Is there a geometric proof of $ \sin(3t) = 3\sin(t) - 4\sin^3(t) $

Question

First, a bit of notation. Let $x(t) = \cos(t)$ and $y(t) = \sin(t)$ . Let $x$ and $y$ be abbreviations for $x(t)$ and $y(t)$ .

Using de Moivre's formula, proving that $ \sin(3t) = 3\sin(t) - 4\sin^3(t) $ is straightforward. I'm curious whether this formula has a geometric proof or one that doesn't use complex numbers and preferably not calculus.

For comparison, the double angle formula has a wonderful geometric proof here.

Here's the straightforward proof:

$$\sin(3t)$$

$$\Im(\exp(i\times 3t))$$

$$\Im(\exp(it)^3) $$ $$\Im((x+iy)^3) $$ $$\Im(x^3 + 3x^2yi + 3xy^2i^2 + y^3i^3) $$ $$\Im(x^3 + 3x^2yi - 3xy^2 - y^3i) $$ $$3x^2y - y^3 $$ $$3 {\times} (1-y^2) {\times} y - y^3 $$ $$3y - 3y^3 - y^3 $$ $$3y - 4y^3 $$

And thus

$$ \sin(3t) = 3\sin(t) - 4\sin^3(t) $$

Answer 1

Since you also ask for possibly a non-geometric proof which doesn't involve calculus & preferably not calculus, note you can show this using several Trigonometric identities.

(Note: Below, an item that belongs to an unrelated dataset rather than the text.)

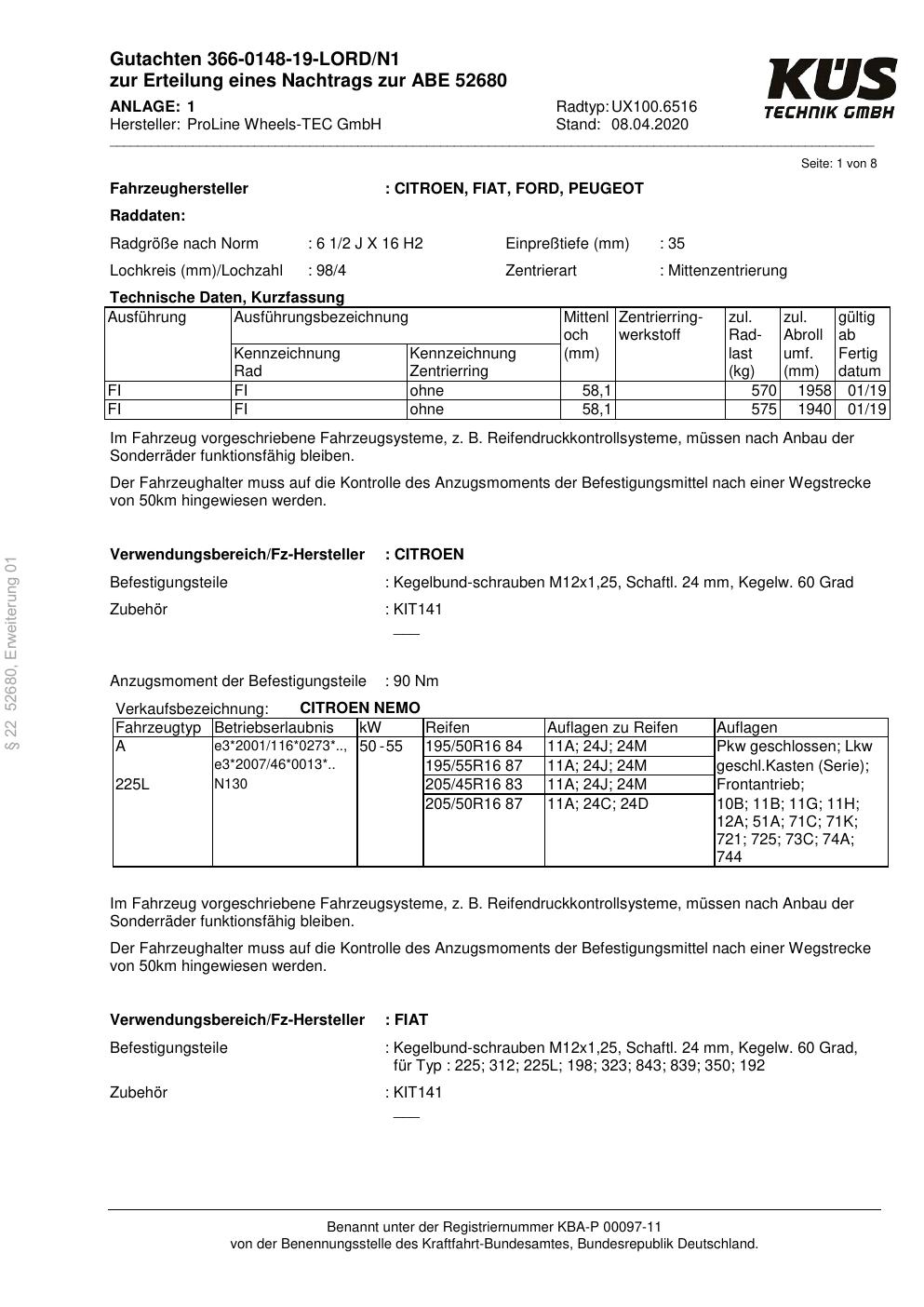 Dieses Gutachten (ABE) bezieht sich auf die Alufelge Proline UX100.6516 in der Ausführung 6.5Jx16 ET 0, Mittenloch 0 mm (KBA 52680). Im PDF findest du typischerweise zulässige Reifengrößen, Auflagen/Anbauhinweise und – je nach Dokument – Hinweise zur Eintragung.
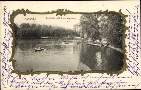 Präge Passepartout Ak Karlsruhe in Baden, Festhalle mit Landungssteg, Kajak

Note the $2$ basic trigonometric angle sum formulas of

$$\sin(\alpha + \beta) = \sin(\alpha)\cos(\beta) + \cos(\alpha)\sin(\beta) \tag{1}\label{eq1}$$

and

$$\cos(\alpha + \beta) = \cos(\alpha)\cos(\beta) - \sin(\alpha)\sin(\beta) \tag{2}\label{eq2}$$

Also, there's

$$\cos^2(t) = 1 - \sin^2(t) \tag{3}\label{eq3}$$

Now, you can split $3t = 2t + t$, and use the $3$ formulas above, to get

\begin{align} \sin(3t) & = \sin(2t + t) \\ & = \sin(2t)\cos(t) + \cos(2t)\sin(t) \\ & = (2\sin(t)\cos(t))\cos(t) + (\cos^2(t) - \sin^2(t))\sin(t) \\ & = 2\sin(t)\cos^2(t) + \cos^2(t)\sin(t) - \sin^3(t) \\ & = 3\sin(t)\cos^2(t) - \sin^3(t) \\ & = 3\sin(t)(1 - \sin^2(t)) - \sin^3(t) \\ & = 3\sin(t) - 3\sin^3(t) - \sin^3(t) \\ & = 3\sin(t) - 4\sin^3(t) \tag{4}\label{eq4} \end{align}

As your question text shows, it's somewhat easier to use de Moivre's formula instead.